6

Faith Ann Porter sat cradling her backpack to her chest as the streetcar made its way up St. Charles Avenue. Faith Ann and Kimberly had lived in New Orleans for a little more than a year. She stared down at the damp knees of her jeans and thought about her mother, whose blood was staining her clothes and skin. How many times the two of them had ridden those few miles together during the past months. Sometimes they rode the streetcar for the sheer pleasure of the experience, sometimes because the five-year-old Dodge Neon had some problem. Faith Ann knew the transportation routes, because weeks before she had moved here she'd gathered as much information on New Orleans as she could so she wouldn't be a stranger. Research, her mother always told her, was crucial preparation.

Faith Ann felt an involuntary tear rolling down her cheek. She swiped it away with the back of her hand. She didn't have time to feel sad. She looked out the window to see where she was.
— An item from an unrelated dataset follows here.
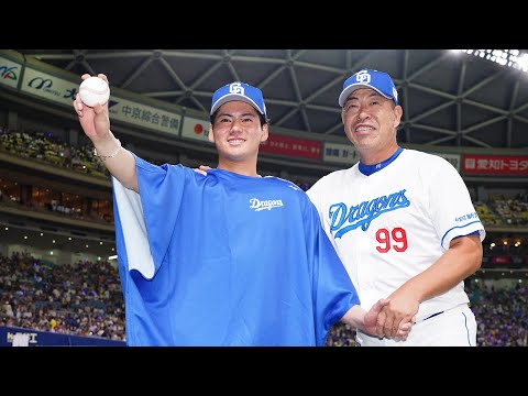 放送席、放送席、そしてバンテリンドームにお集まりのドラゴンズパンの皆様お待たせいたしました。今日のヒーローはプロ初勝利をあげました金丸夢と投です。おめでとうございます。 ありがとうございます。 いや、すごい完成ですよ。 このお立に立った今の気分かですか?いや 、もっと早く、え、上がりたかったんです けど、え、ま、やっと今日勝つことができ て良かったです。 チームのみんなも、そしてドラゴンズ ファンの皆さんも本当にこの時を待ってい ました。 いや、前回の登板ではちょっとこうベンチ で悔し涙を流してるようにも見えたんです が、どうだったんでしょうか?いや、もう この前は完全に、え、自分のせいで、え、 自分のせい だったんですけど、え、 ま、でも今日絶対にやり返すという強い 気持ちを持って、え、マンドに上りました 。 今日は前回もひっくり返してくれた打線の皆さんが先生点取ってくれました。どんな気分でした? いや、もう先生点取ってくれて本当に、え、自分自身も楽に投げれましたし、え、ま、序盤はバタバタしましたけど、え、要所でしっかりと抑えることができたのでそこは良かったです。 主有行く阪神との対戦は初めてで点を取っ ても襲いかかってくる阪神打線の迫力 いかがでした?いや、もう本当にすごい ですし、え、応援も本当に圧を感じたので 、え、ま、なんとか、え、 抑えれて良かったです。 そして 5回からは相手を0点に抑え、6回からは 6783イニング。3者凡体ですよ。 素晴らしいピッチングでした。はい。えっ と、もっと最初から、え、やっとければ 良かったんですけど、え、はい。次はも、 え、初回から序盤からしっかり抑えれる ようにやっていきたいです。 途中からは随分と乗ってきたように見えたんですが、どうでした? いや、もうそこが自分の持ち味でもあるので、え、ま、疲れてきてもこう 9 位の落ちないような、え、投球っていうのが、え、これからもできるように頑張ります。 途中監督とも話しているのが見えました。 あるいは6回で降りるのかな、あるいは 7 回で降りるのかなと見えたんですけど、あの辺りどうだったんですか? え、ま、序盤がこうバタバタしてたので、ま、いつこう変えてやろうかっていうそワそわしてるって言ってたので、え、ま、そこをなんとかはい。後半まで投げることができたので良かったです。自分でもやっぱり投げたいということ言ったんですか? はい。 言いました。ここ 2試合 8回に逆転されてました。ちょっと間の 8回みたいになってたんですが 8 回抑えましたね。はい。え、もう押えないと、え、これからはダメだと思うので、え、はい。こういったピッチングができるように、え、次もしっかりと準備していきます。 さあ、 初勝利の喜び、ま、記念のボールもあり ますよね。今日もご両親が見に来て くださってます。 直接呼びかけてくださいよ。 え、ま、ずっと試合を見に来てくれてたの で、え、なかなかいい姿を見せれなくて 悔しかったんですけど、え、ま、10度目 の正直ということで、え、勝つことができ たので、え、いい姿を見せれたんじゃない かなと思います。 記念のボールもプレゼントできますね。 記念のボールもプレゼントできますね。 はい。そうですね。 じゃあこの後ここまでね、待ってくださっ ていた、熱勝勝利を待ってくださっていた ファンの皆さんにメッセージをお願いし ます。はい。えっと、ま、今まで期待に 答えられなかったのでこれからはもっと 期待に答えれるように、え、頑張りたいと 思いますし、え、本当に声援がとても力に なって今日もいいピッチングができたので 、え、今後とも応援よろしくお願いします 。ありがとうございました。 今日のヒーロー、見事にプロ勝利上げました金丸夢投手でした。おめでとうございました。 ありがとうございました。 放送席放送席勝利監督インタビューです。中日ラゴンズ井上和ず監督です。金丸夢投手 10 試合目の挑戦にしてプロ初勝利を予定にしました。 ちょっとね、時間がかかりすぎましたけど ね。おい、どれくらいかかったんだって今 話してたんですけども、約3ヶ月ですか? 約ですよね。ま、あの、そのたびに登板 するたびに、あの、夢のお父さんお母さん が、え、あちらの関西の方からね、いつも を運んで、え、東北で試合あった時でも、 もう常にどこでもあの夢の応援にっていう 形で来てたんで、もう今日勝てなかったら もう父ちゃんかちゃん来るなって言えよ なんて話もしてましたけども、あの、相手 がね、本当に、え、周囲を走っている阪神 タイガです。ま、ある意味、え、シーズン 途中ではありますけども、タイトル ホルダーがね、たくさんいるチームに対し てあの勝利を上げたっていうことは彼に とってもすごくプロ野球人生 の中でね、第一歩い形で、え、いいチーム から、え、上げれたっていうのはすごく 良かったかなと思います。僕もほっとして ます。今後にも繋がって

Just one more stop. Faith Ann wondered if she should go to school, act like nothing had happened, and wait for the principal to send for her. She imagined herself walking into the office, where two cops would be standing there to inform her that some crackhead had murdered her mother along with some big-breasted client named Amber Lee.

She couldn't risk it. She had to remember that the cops were her enemies and they had ways of tricking people with lies. Even if Amber hadn't said so, Faith Ann knew from listening to her mother that the police and prosecutors had their own agendas. You couldn't trust most of them.

Hank and Millie Trammel were her only relatives. Millie was her mother's older sister and about the nicest person you'd ever hope to find. Hank was big and could be intimidating, but he was always nice to her and her mother. She held on to the thought that very soon Hank and Millie would be there to take care of her.

Faith Ann let her mind focus on its image of Horace Pond, her mother's client on death row. He was merely a picture on a corkboard and a small voice heard once over the speakerphone in her mother's office. She noticed that her fingers were trembling and she clenched her fists. She needed to form a plan-to decide how to spend the time until her relatives came, but all she could come up with was to go home and change clothes. At home, it would be easier to think. At home it would all be better. She would be safe at home.

Faith Ann felt the streetcar slowing for her stop and she stood. When it stopped, she climbed down from the cabin, stepping onto the neutral ground. It was just three blocks to her house.